[Dataset section]

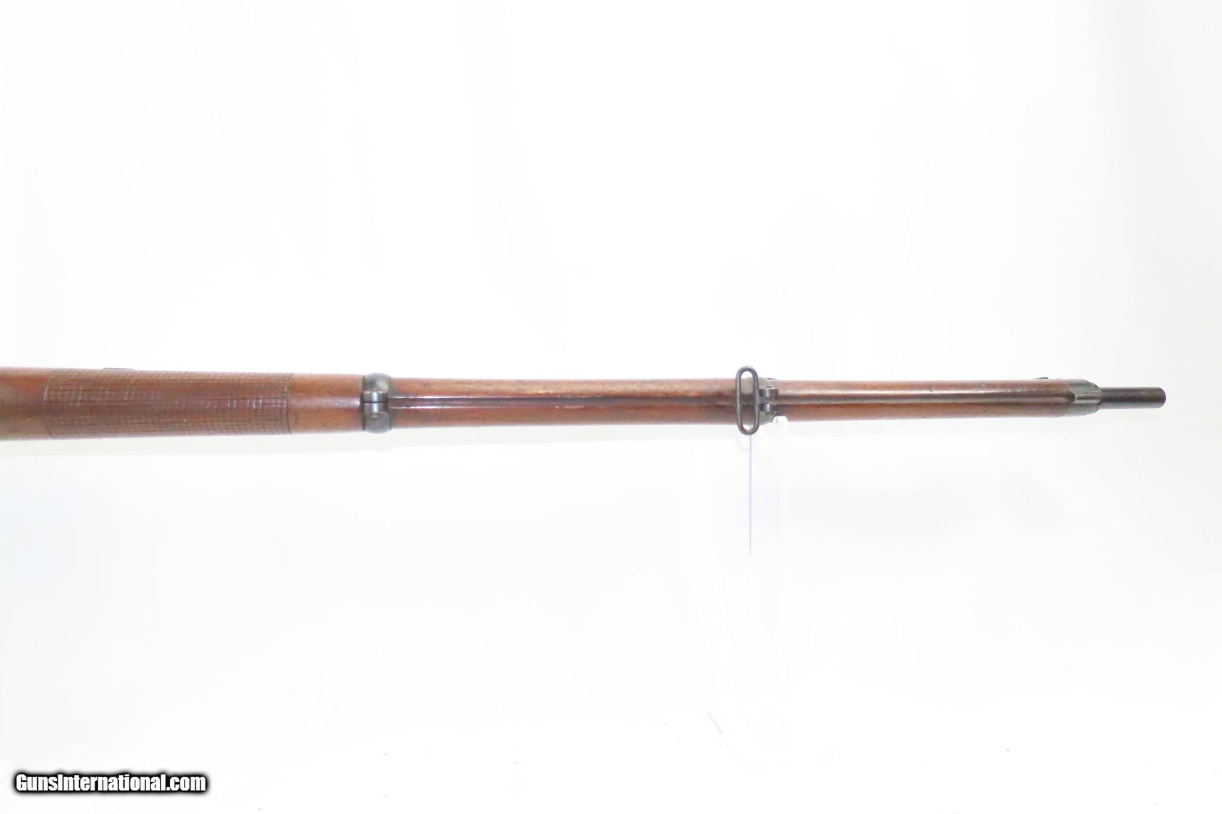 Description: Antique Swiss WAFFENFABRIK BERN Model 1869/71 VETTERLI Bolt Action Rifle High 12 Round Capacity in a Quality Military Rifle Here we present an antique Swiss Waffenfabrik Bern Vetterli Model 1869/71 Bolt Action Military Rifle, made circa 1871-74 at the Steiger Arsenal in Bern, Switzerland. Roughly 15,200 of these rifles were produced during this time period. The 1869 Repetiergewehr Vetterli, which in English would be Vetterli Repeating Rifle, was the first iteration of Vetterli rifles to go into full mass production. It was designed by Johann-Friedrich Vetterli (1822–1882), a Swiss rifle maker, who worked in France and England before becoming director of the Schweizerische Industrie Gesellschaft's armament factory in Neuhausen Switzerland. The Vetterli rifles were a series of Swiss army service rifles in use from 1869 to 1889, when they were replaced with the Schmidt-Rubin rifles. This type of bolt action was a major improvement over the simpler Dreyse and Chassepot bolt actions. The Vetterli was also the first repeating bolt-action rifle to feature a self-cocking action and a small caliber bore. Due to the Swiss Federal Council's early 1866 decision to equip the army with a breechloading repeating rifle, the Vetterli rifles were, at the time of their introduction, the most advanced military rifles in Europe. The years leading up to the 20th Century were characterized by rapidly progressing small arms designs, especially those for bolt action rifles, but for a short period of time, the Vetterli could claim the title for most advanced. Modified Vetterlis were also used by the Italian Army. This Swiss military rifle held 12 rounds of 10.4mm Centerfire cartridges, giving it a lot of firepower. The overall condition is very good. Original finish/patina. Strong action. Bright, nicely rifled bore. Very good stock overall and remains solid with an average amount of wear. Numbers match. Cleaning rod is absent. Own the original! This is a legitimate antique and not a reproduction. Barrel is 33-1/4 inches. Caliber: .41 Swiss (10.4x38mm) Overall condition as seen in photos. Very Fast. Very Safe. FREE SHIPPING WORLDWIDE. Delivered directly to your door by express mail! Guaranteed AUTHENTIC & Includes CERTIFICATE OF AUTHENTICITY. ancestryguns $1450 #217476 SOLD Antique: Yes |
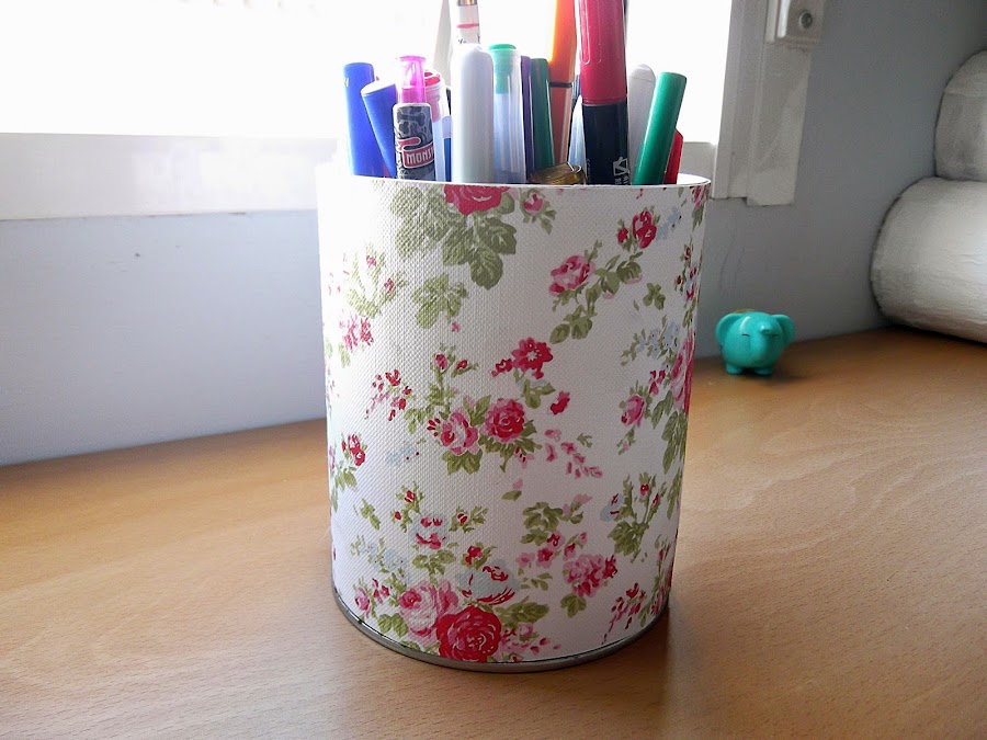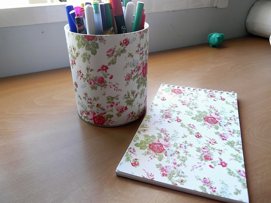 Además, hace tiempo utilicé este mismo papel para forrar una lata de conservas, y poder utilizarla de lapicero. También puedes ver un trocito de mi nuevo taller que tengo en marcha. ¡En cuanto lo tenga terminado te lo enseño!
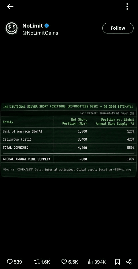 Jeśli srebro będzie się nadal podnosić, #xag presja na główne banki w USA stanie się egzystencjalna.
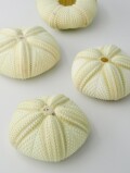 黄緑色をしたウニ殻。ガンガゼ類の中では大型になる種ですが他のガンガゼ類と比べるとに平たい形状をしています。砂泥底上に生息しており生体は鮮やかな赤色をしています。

[/Dataset section]

_Activity:_ Print the lines from the line containing "Jeśli srebro będzie" through the last line of the listing, exactly as they stand, and leave any pictures out.

_Response area:_
 Jeśli srebro będzie się nadal podnosić, #xag presja na główne banki w USA stanie się egzystencjalna.
 黄緑色をしたウニ殻。ガンガゼ類の中では大型になる種ですが他のガンガゼ類と比べるとに平たい形状をしています。砂泥底上に生息しており生体は鮮やかな赤色をしています。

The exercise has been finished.